Computer & Communication Industry Association
PublishedNovember 23, 2021

CCIA Cautions Risk of Unintended Consequences from European Parliament Amendments to the Digital Markets Act

Brussels, BELGIUM — Today the European Parliament’s Committee on the Internal Market and Consumer Protection voted on its amendments to the Digital Markets Act (DMA) proposal. The Computer & Communications Industry Association (CCIA Europe) appreciates MEPs’ hard work. However, we caution that some of the amendments go far beyond the existing evidence base for intervention, increasing the risk of unintended consequences for consumers, business users, and Europe’s wider digital economy. 

The DMA borrows remedies from ongoing competition enforcement cases and applies them inflexibly and on a one-size-fits-all basis to all platform services of companies designated as “gatekeepers”. Expert economists, including particularly Oxera and the Berkeley Research Group Institute, warn that this approach is likely to have significant unintended consequences that could harm consumers and business users of platform services in Europe. 

These harmful side-effects would be exacerbated by extending the scope of the DMA further to additional platform services and new obligations. The Commission’s own Impact Assessment Report (at para. 156), notes that the Commission explored wider obligations but that these “were replaced by more proportionate obligations”. 

The following can be attributed to CCIA Competition Counsel, Kayvan Hazemi-Jebelli:

CCIA continues to support EU-wide harmonisation of rules regulating platform-to-business relations, but has previously identified these same concerns with the DMA’s provisions, as well as with previously proposed Parliamentary amendments.

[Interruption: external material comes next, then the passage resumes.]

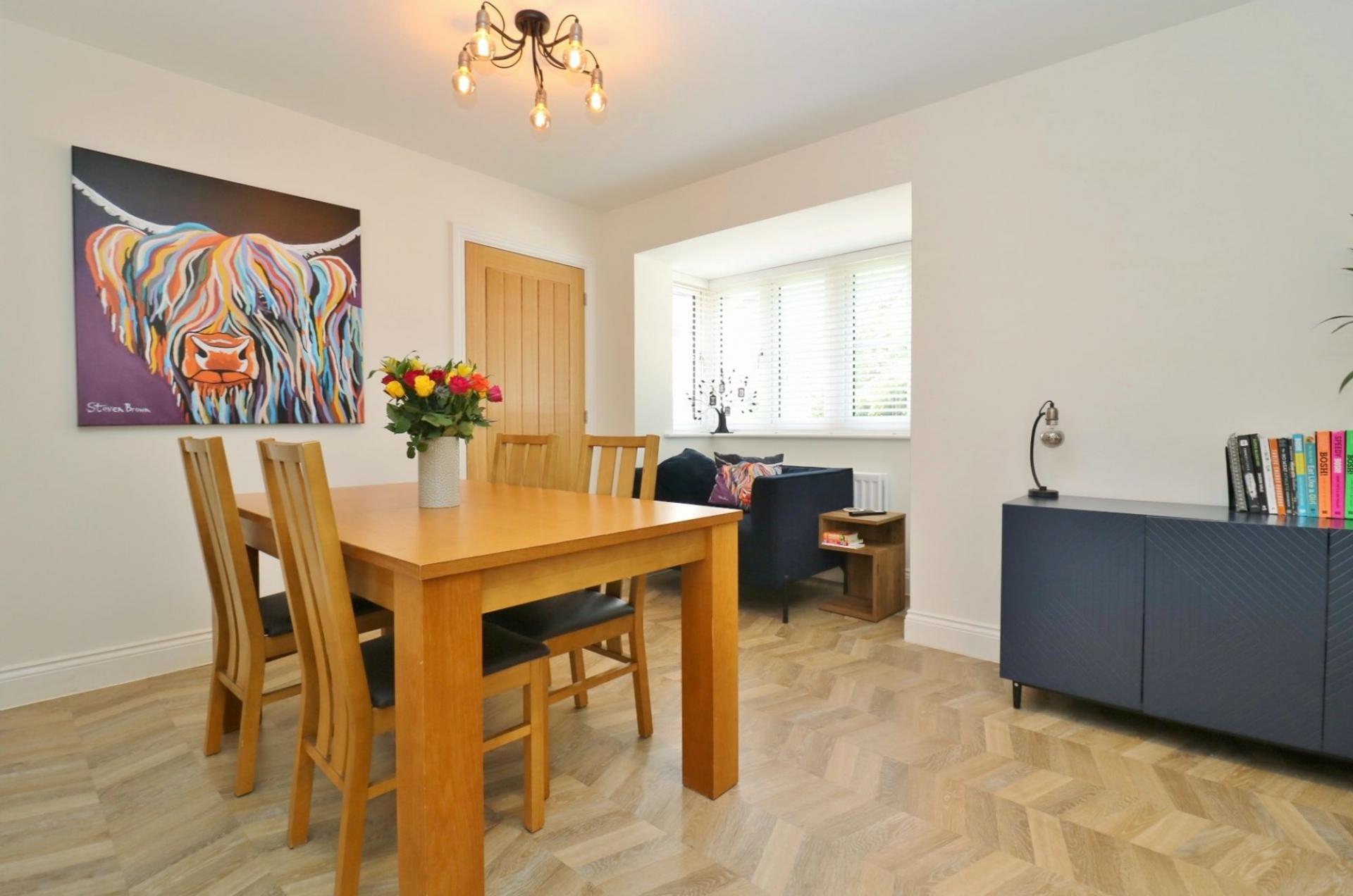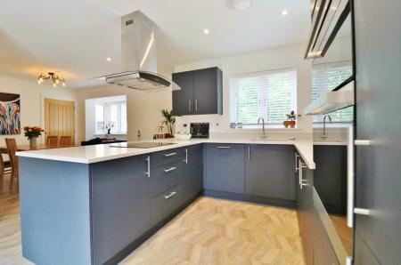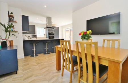 The kitchen has been fitted with a modern range of wall and base units with Quartz worktops, including a breakfast bar, and has a built-in double oven, induction hob with extractor over and integrated appliances including a fridge/freezer and dishwasher. There are windows to the side and rear and the room is open plan to the dining/living area, which has a bay window to the side.

“While we appreciate MEPs’ hard work, we are concerned that some of the European Parliament’s proposed amendments go far beyond the Commission’s already ambitious proposal.” 

“MEPs have added a lot to the DMA to be tougher on tech and regulate more of the digital economy. For such far-reaching regulation, the effects are really not well analysed. The lack of any impact assessment of the Parliament’s amendments take the DMA deeper into unknown territory creating significant risks of unintended consequences for Europe’s digital economy.”

“We hope the final EU negotiations will ensure that the DMA is workable for all, gives companies a fair chance to comply, and benefits Europe’s digitising economy for years to come.”